Камера смертников - Василий Веденеев
Шрифт:
Интервал:
Закладка:
– Слава Иcycy Христу! – по местному обычаю поздоровался с ним сидевший за столом рыжеватый мужчина и кивнул на табурет. – Садись, стягивай одежу и сапоги, грейся, Михеевна! Подай человеку валенки с печи, небось ноги задубели.
Сушков размотал шарф, снял пальто, сел на табурет и с трудом стянул с ног сапоги. Потом с удовольствием сунул ноги в поданые Михеевной теплые валенки с обрезанными голенищами.
– Возьми там, во внутреннем кармане пальто, – велел он старухе. – Принес вам кой-чего.
– Спаси Христос, – та забрала сверток и исчезла.
Чувствуя, как разливается по телу тепло и перестает ныть больная нога, как отмякает он после мороза, переводчик закурил, угостив сигаретой хозяина. Помолчали.
– Прилетел сегодня, – наконец сообщил Сушков. – Важный, высокого роста, худощавый, волосы редкие, с сединой. Наверное, не очень хорошо видит: когда на меня поглядел, щурился. Звания не знаю: он был в кожаном пальто с меховым воротником, без погон, но фуражка черная, эсэсовская. Либо генерал, либо полковник, не меньше. Уж больно они перед его приездом суетились. Жить, как я понял, будет в замке. Да, с ним еще два эсэсовца приехали, я видел в окно, как они из машины выходили, а потом меня из приемной выгнали.
– Та-а-а-к, – протянул хозяин. – Гостек дорогой пожаловал. А зачем? Чего они говорили, слышал?
– Нет, – отрицательно мотнул головой Дмитрий Степанович, – не удалось. Потолкался внизу, но наша охрана сама толком ничего не знает. Устал я, сил просто нет, – пожаловался он, жадно досасывая окурок сигареты. – Все время как на иголках. Шеф без конца проверяет, разговоры заводит какие-то скользкие.
Примяв окурок в заменявшем пепельницу глиняном черепке, Сушков тяжело вздохнул: не силен он в риторике, а то бы в жутких красках описал свое состояние – ни на минуту не отпускающий, сосущий под ложечкой страх, бессонные ночи, когда вздрагиваешь от каждого звука и все время чудится, что за тобой пришли. Второй год тянется этот кошмар, с зимы сорок первого.
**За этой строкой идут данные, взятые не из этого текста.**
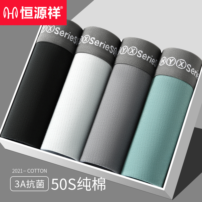 【产品名称:恒源祥纯棉男士内裤平角抗菌网眼四角短裤青少年全棉宽松大码透气】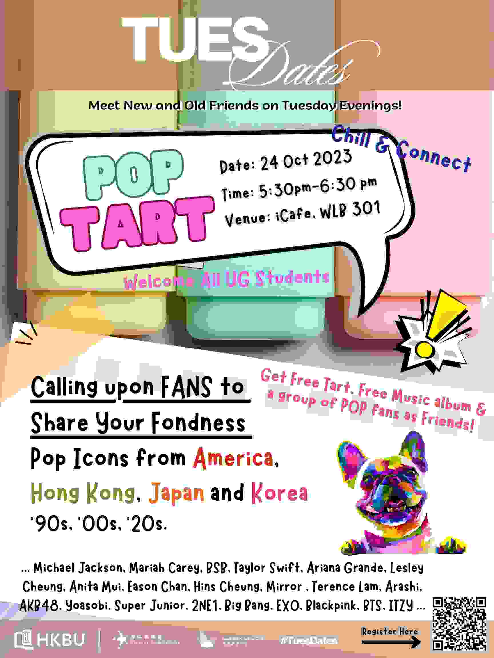A tart, made with flour and eggs, is available around the world in different flavors. Likewise, pop- culture around the world shares similarities and differences. We are calling upon FANS to share their fondness towards pop icons from America, Hong Kong, Japan, and Korea in the '90s, '00s, and '20s. After the session, you will get a tart, a free music album, and a group of pop fans as friends!

В оккупации и так несладко, а тут еще работаешь на немцев, да связан с лесом. Добро бы еще никогда не видел, как в фельдгестапо выбивают из задержанных показания, с хрустом ломая пальцы, загоняя иглы под ногти, обливая потерявших сознание водой из ведра, а когда такое видишь, поневоле начнешь за себя бояться – немцы совсем не дураки, имеют опытных полицейских, гораздых на разные выдумки, цепких, приученных работать не за страх, а за совесть.
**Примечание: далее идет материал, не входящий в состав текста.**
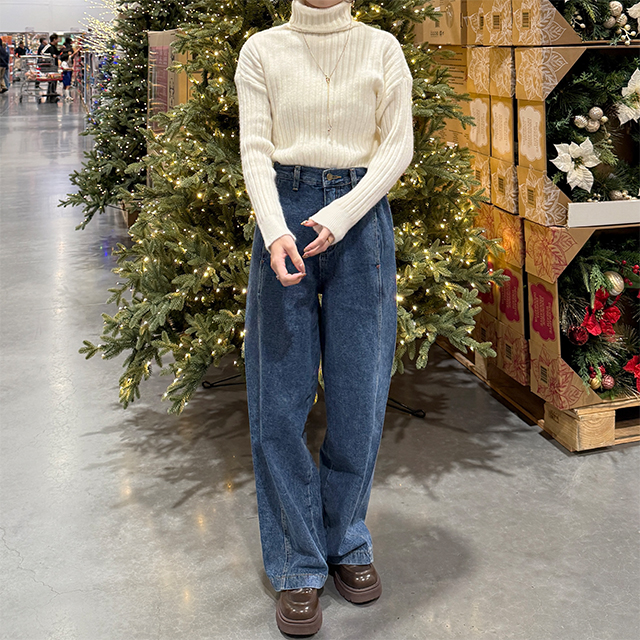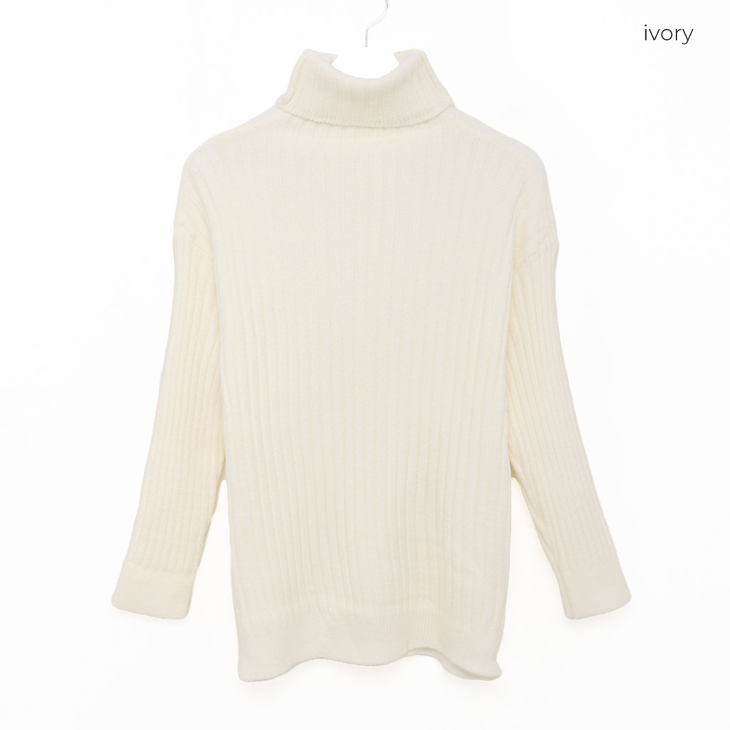 ルーズフィットリブタートルネックニット

Да, у них тоже своя совесть, свои идеалы, свои понятия обо всем происходящем, свой кодекс чести. Когда он однажды сказал об этом сидящему напротив него рыжеватому человеку, тот только усмехнулся и начал объяснять про фашизм и классовую борьбу. Но какое дело Сушкову до классовой борьбы, когда он сам боролся не на жизнь, а на смерть, боролся за себя, за Россию? Зачем ему читать политграмоту, разве он слепой и не видит, что творит враг на его земле? Не видел бы, не понимал бы, не стал бы связываться с партизанами, а просто донес немцам, когда с ним установили связь.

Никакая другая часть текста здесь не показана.